[How to complete this task]:
Repeat exactly, and only, the lines from the line bearing "Vestido longo com" through the end of the material. Do not copy the pictures.

[Opening Data extract section]

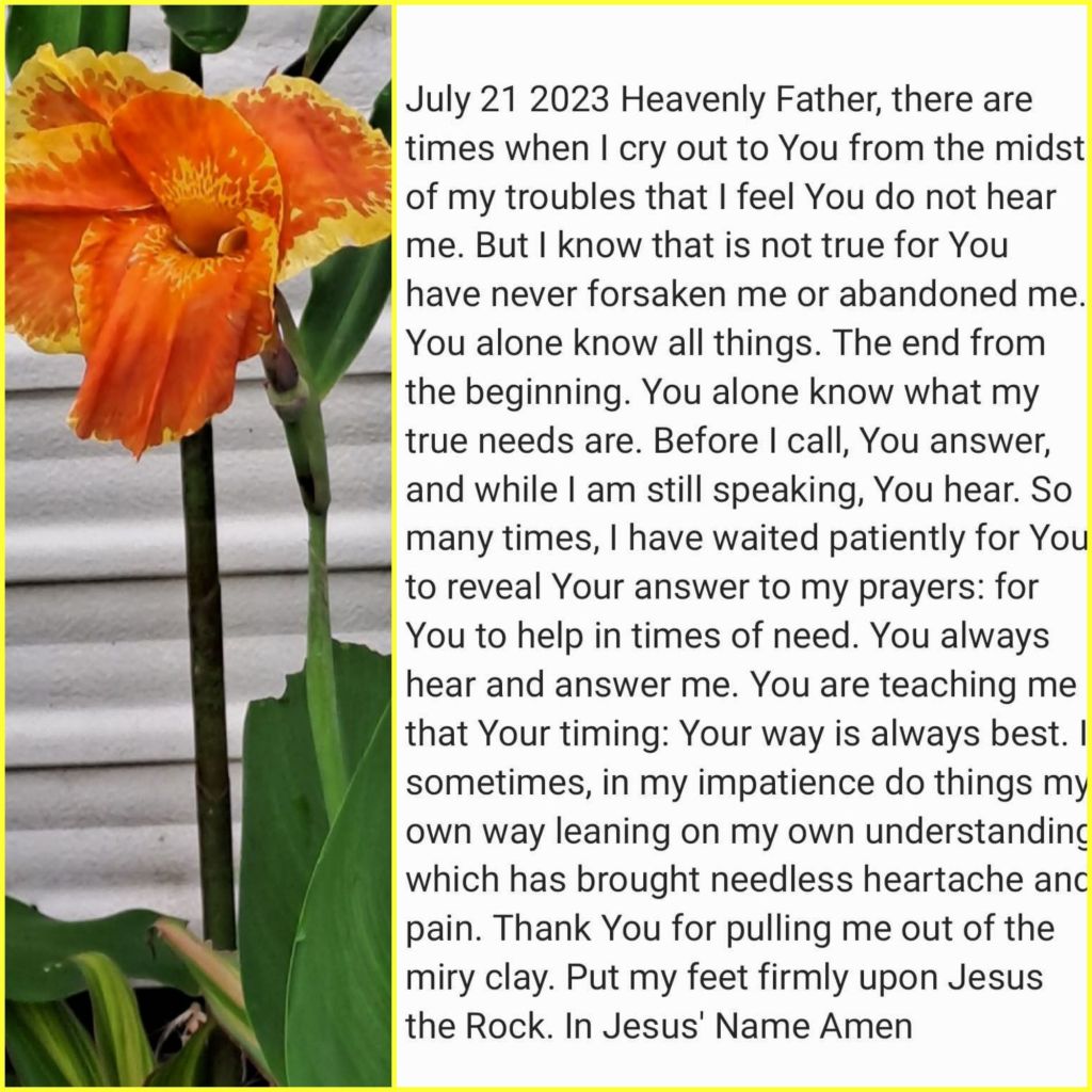 Heavenly Father, there are times when I cry out to You from the midst of my troubles that I feel You do not hear me. But I know that is not true for You have never forsaken me or abandoned me. You alone know all things. The end from the beginning. You alone know what my true needs are. Before I call, You answer, and while I am still speaking, You hear. So many times, I have waited patiently for You to reveal Your answer to my prayers: for You to help in times of need. You always hear and answer me. You are teaching me that Your timing: Your way is always best. I sometimes, in my impatience, do things my own way, leaning on my own understanding
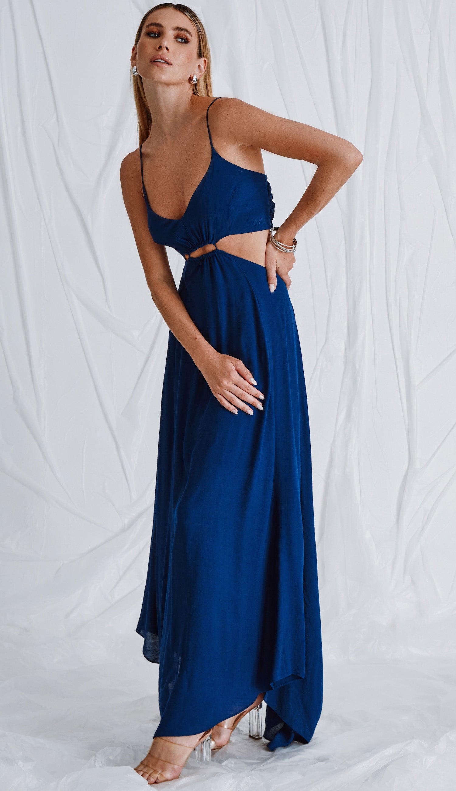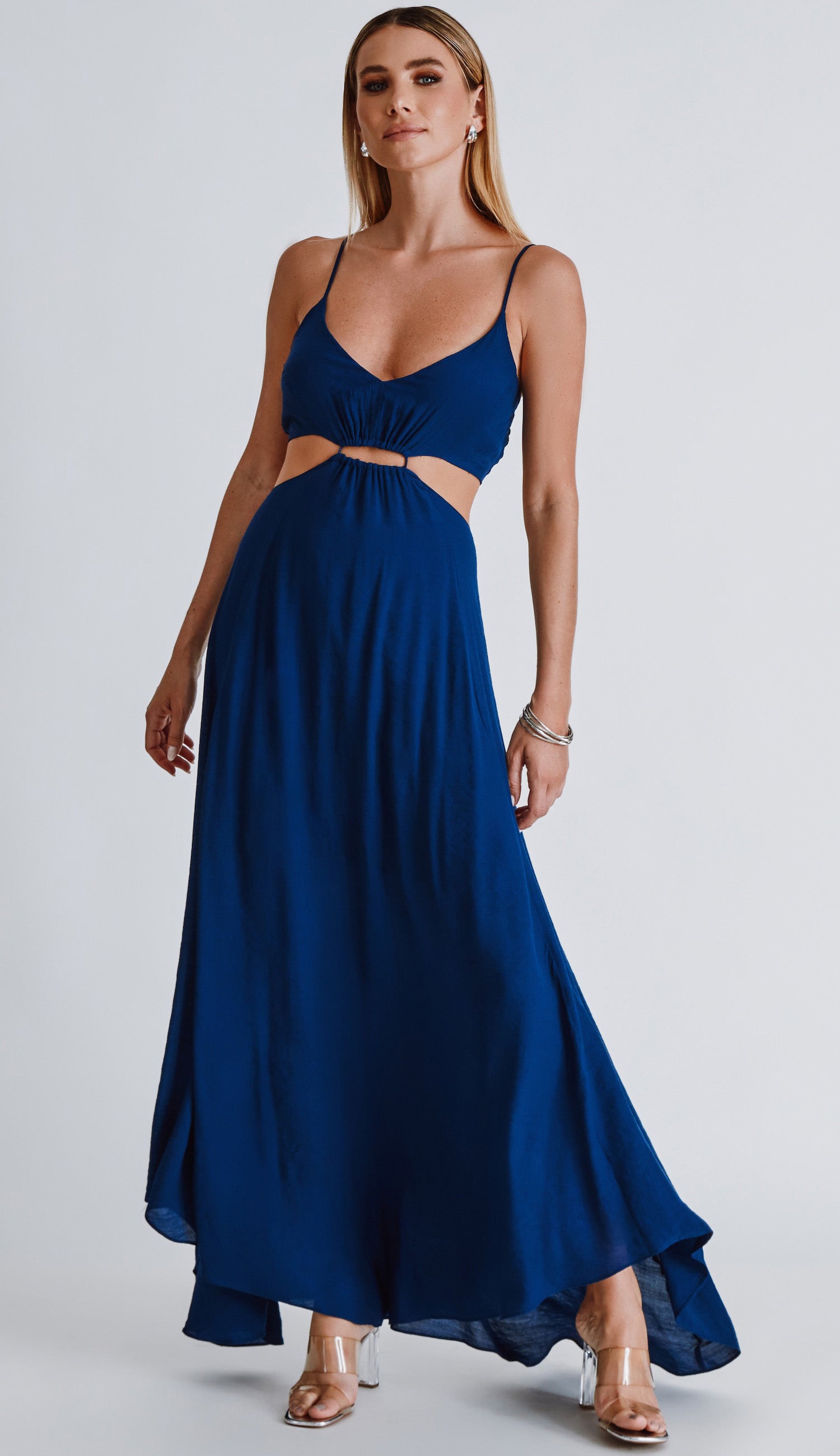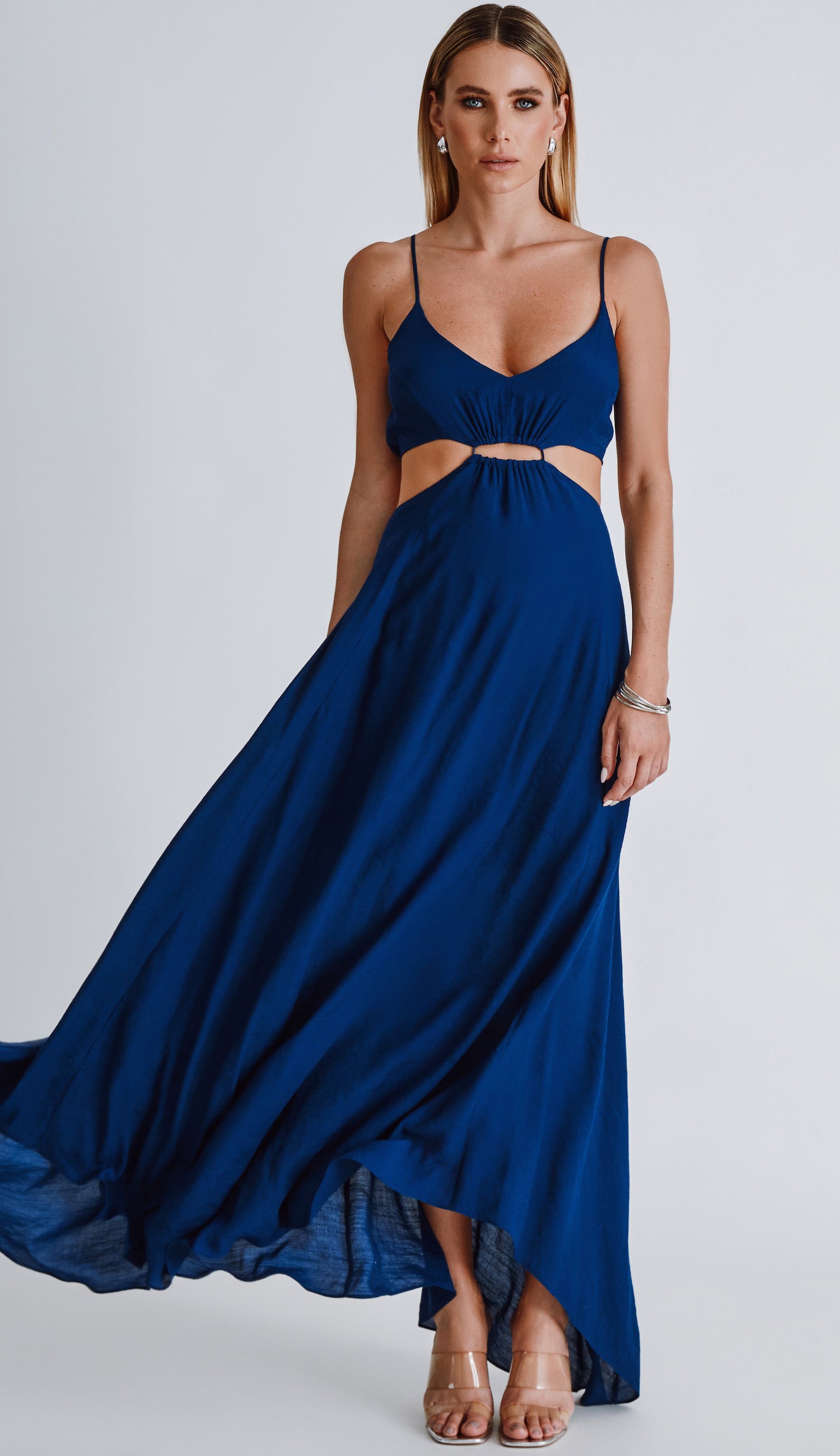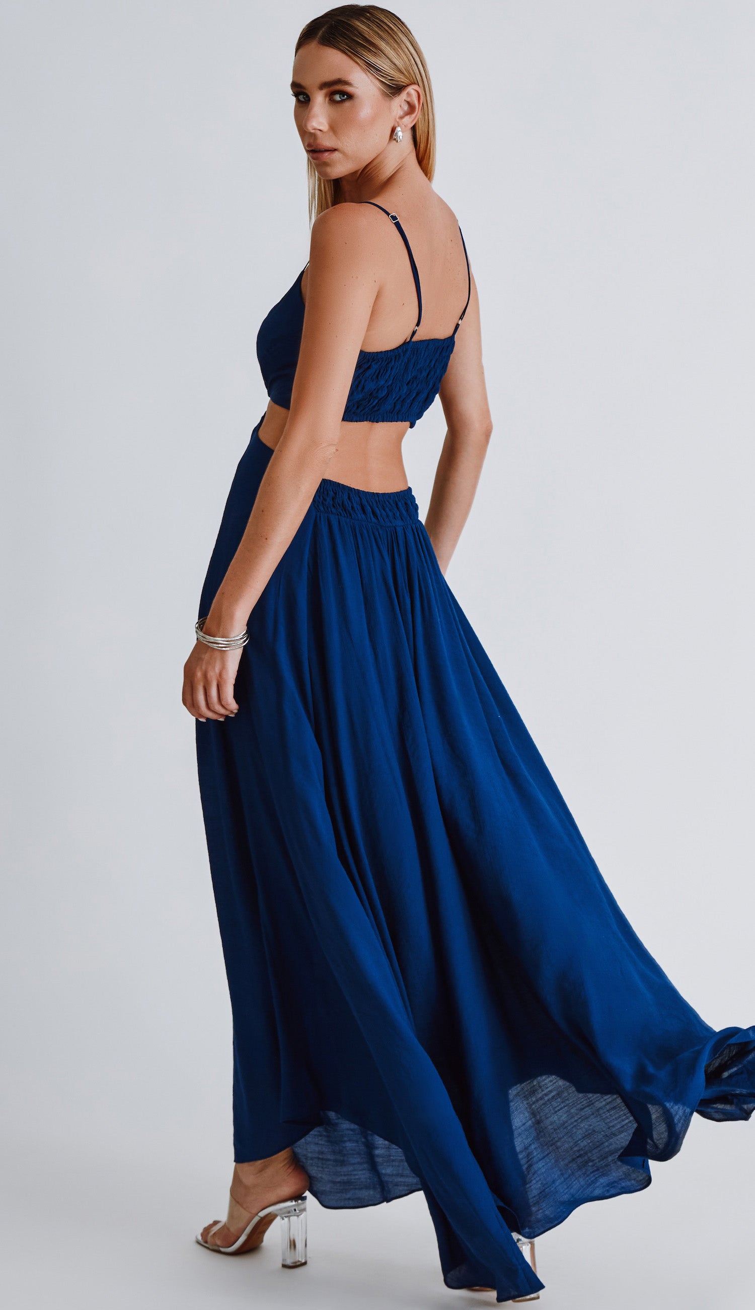 Vestido longo com forro na saia, confeccionado em poliviscose texturizada com aspecto de linho e efeito amassadinho. Possui decote em V, alcinhas reguláveis, busto fixo à saia apenas por detalhe frontal de recorte com franzidinhos, deixando toda a região da cintura à mostra; e conta com lastex franzido nas costas da saia e do busto para melhor ajuste ao corpo.
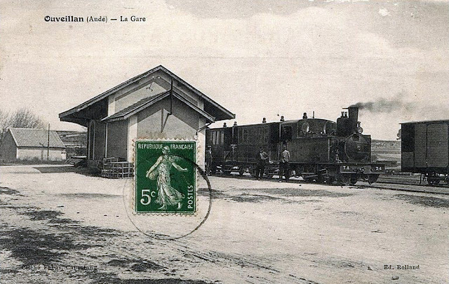 | Commentaire photo : La gare se situait au nord du village, à l'emplacement actuel de l'importante Cave Coopérative, créée en 1936, deux ans après le déclassement de la ligne. Ou comment changer, non pas l'eau, mais la vapeur en vin... | |
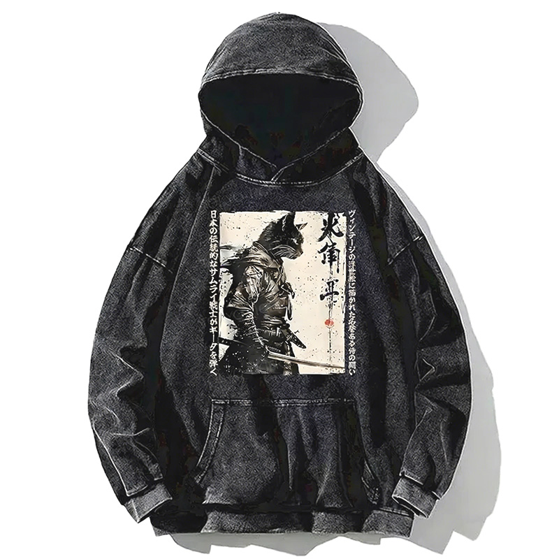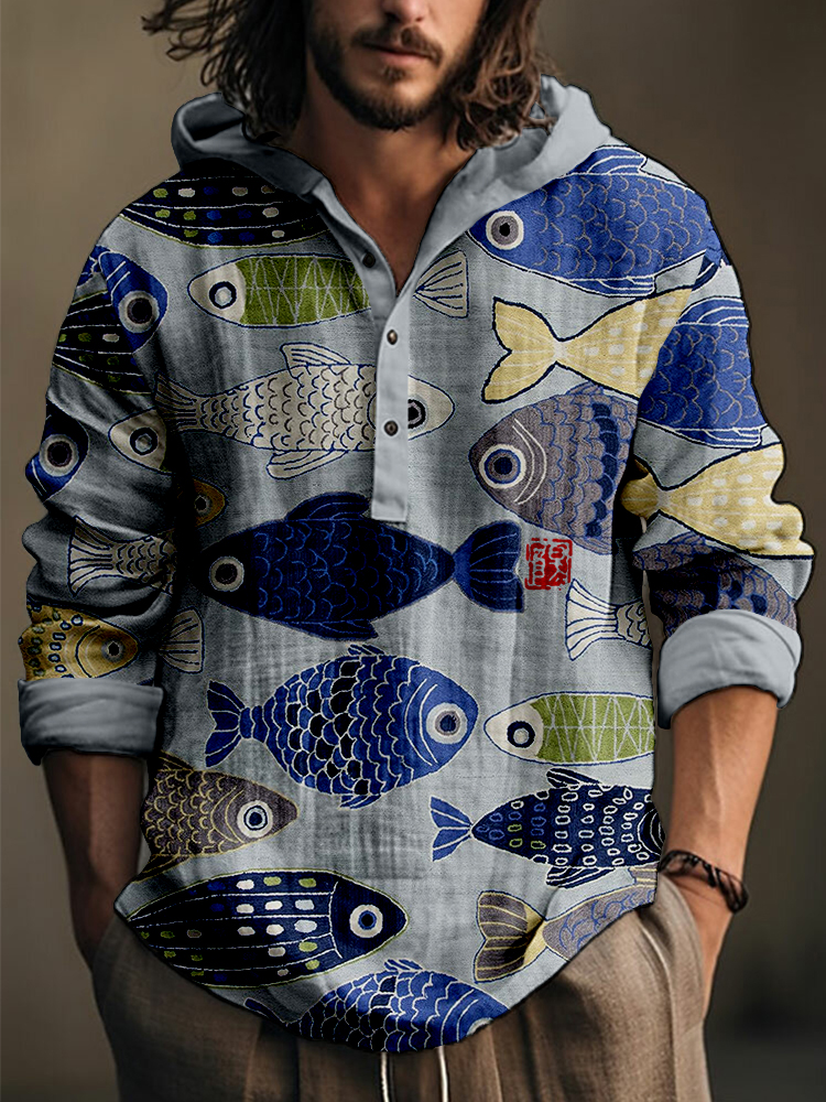 Vintage Fish Japanese Art Linen Blend Hooded Shirt

[Closing Data extract section]

[Exercise result]:
 Vestido longo com forro na saia, confeccionado em poliviscose texturizada com aspecto de linho e efeito amassadinho. Possui decote em V, alcinhas reguláveis, busto fixo à saia apenas por detalhe frontal de recorte com franzidinhos, deixando toda a região da cintura à mostra; e conta com lastex franzido nas costas da saia e do busto para melhor ajuste ao corpo.
 | Commentaire photo : La gare se situait au nord du village, à l'emplacement actuel de l'importante Cave Coopérative, créée en 1936, deux ans après le déclassement de la ligne. Ou comment changer, non pas l'eau, mais la vapeur en vin... | |
 Vintage Fish Japanese Art Linen Blend Hooded Shirt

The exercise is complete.